Библия для Аввакума – это только повод сравнить «нынешнее безумие» с «тогдашним». Любой библейский эпизод он вводит в круг интересующих его современных проблем. Ссылка, например, Адама на Еву в ответе на вопрос Бога – «кто сказал тебе, что ты наг» – толкуется Аввакумом так: «Просто молыть: на што-де мне дуру такую зделал? Сам неправ, да на Бога пеняет. И ныне похмельные, тоже шпыняя, говорят: на што Бог и сотворил хмель-ет, весь-де до нага пропился, и есть нечева, да меня жьде избили всево; а иной говорит: Бог-де ево судит, упоил до пьяна; правится бедной, бытто от неволи так зделалось. А беспрестанно тово ищет и желает; на людей переводит, а сам где был?»

* * *

Все творчество Аввакума проникнуто резким автобиографизмом. Автобиографичны все его сочинения – от «Жития» до богословских рассуждений и моральных наставлений и толкований. Все в его сочинениях пронизано и личным отношением, и личными воспоминаниями. В своем стремлении к предельной искренности и откровенности он пишет прежде всего о том, что касается его самого и его дела.

Он презирает всякие внешние ценности, даже и ту самую церковную обрядность, которую он так фанатически отстаивал: «крюки-те в переводах-тех мне не дороги и ненайки-те песенные не надобе ж». Над боярством он иронизирует, царский титул комически искажает. Разум, людская мудрость, людские установления – все то лишь «своеумные затейки». «Бог разберет всякую правду и неправду. Надобно лишь потерпеть за имя его святое».

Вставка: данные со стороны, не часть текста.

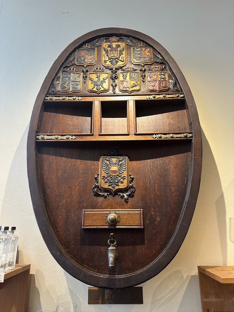 What struck me was what he did not do. He never tried to impress me. He never began a speech about tradition or heritage. Everything I learned came only because I asked. There was no performance in the place, no attempt to convince me it was special. It simply was. The age of the wood, the quiet certainty of the man behind the counter, and the ancient emblems resting beside the wine all seemed to exist without the need for explanation.

Он преисполнен иронии ко всему, смотрит на все как человек, уже отошедший от мира. «Не прогневайся, государь-свет, – пишет он царю, – на меня, что много глаголю: не тогда мне говорить, как издохну». Своих единомышленников-мучеников он сравнивает с комарами и «мушицами»: «елико их болши подавляют, тогда болше пищат и в глаза лезут»; своих детей он называет ласково «кобельками», самого себя сравнивает с «собачкой»: «что собачка в соломе лежу на брюхе».

Но несмотря на крайний автобиографизм его творчества, в этой все уничтожающей беспощадной иронии нет индивидуализма. Все происходящее за пределами его «земляного гроба» полно для Аввакума жгучего интереса. В наиболее личных своих переживаниях он чувствует себя связанным со своими читателями. Он близок ко всем, его чувства понятны. В малом и личном он находит великое и общественное. Сама личность Аввакума привлекала читателей чем-то близким, своим. И этим настоящим прочным мостом между Аввакумом и его читателями было живое чувство всего русского, национального. Все русское в жизни, в повседневном быту, в языке – вот что радует Аввакума, что его живит, что он любит и во имя чего борется. И речь Аввакума – его «ковыряние» и «вякание» – это русская речь; о ее национальном характере Аввакум заботится со всею страстностью русского человека; ее резкие национальные особенности перекрывают все ее индивидуальные признаки.